*How to complete this task*
Whenever an image turns up, omit it and return the remaining data exactly.

*Stored data*
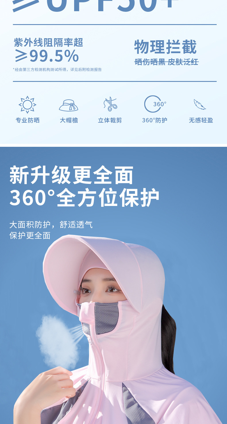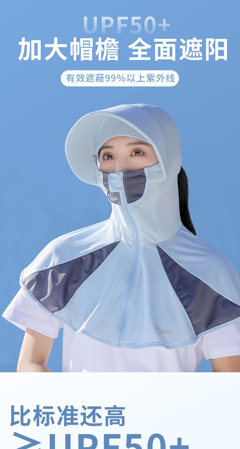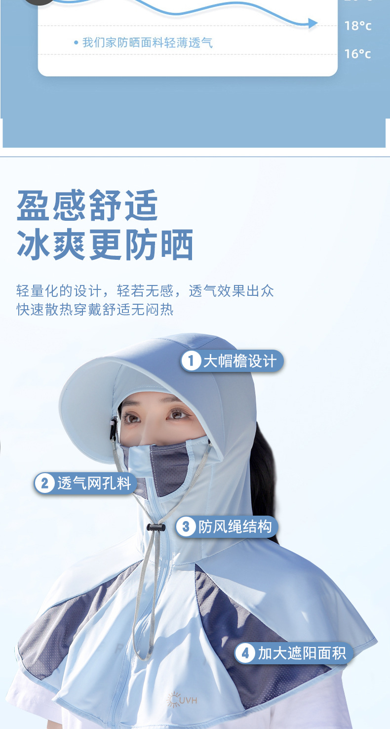Ice Silk Sun Protection Mask Summer Integrated Neck Protection Sun Hat Female Big Brim Full Face UV Protection Cycling Sun Hat
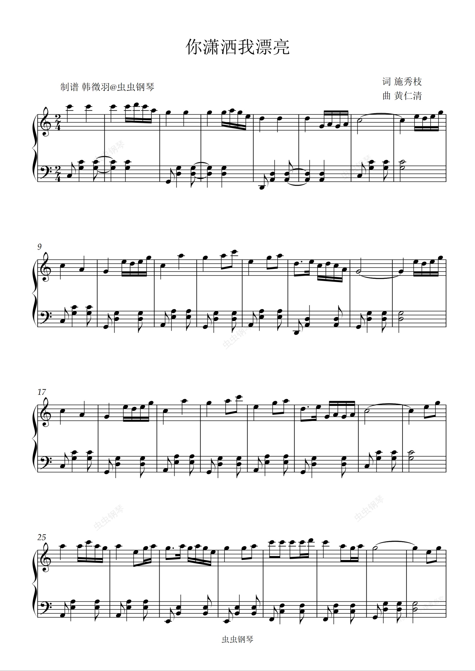 钢琴谱:你潇洒我漂亮 韩宝仪 C调简单易弹
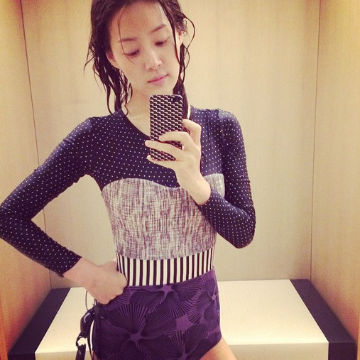 공개된 사진 속 한지혜는 탈의실안의 거울을 통해 비친 자신을 휴대폰 카메라를 통해 찍고 있는 모습이다. 특히 그는 도트와 스트라이프, 꽃무늬가 섞인 패턴의 독특한 수영복으로 패셔니스타의 면모를 뽐내 보는 이들의 시선을 사로잡고 있다.

*Answer*
Ice Silk Sun Protection Mask Summer Integrated Neck Protection Sun Hat Female Big Brim Full Face UV Protection Cycling Sun Hat
 钢琴谱:你潇洒我漂亮 韩宝仪 C调简单易弹
 공개된 사진 속 한지혜는 탈의실안의 거울을 통해 비친 자신을 휴대폰 카메라를 통해 찍고 있는 모습이다. 특히 그는 도트와 스트라이프, 꽃무늬가 섞인 패턴의 독특한 수영복으로 패셔니스타의 면모를 뽐내 보는 이들의 시선을 사로잡고 있다.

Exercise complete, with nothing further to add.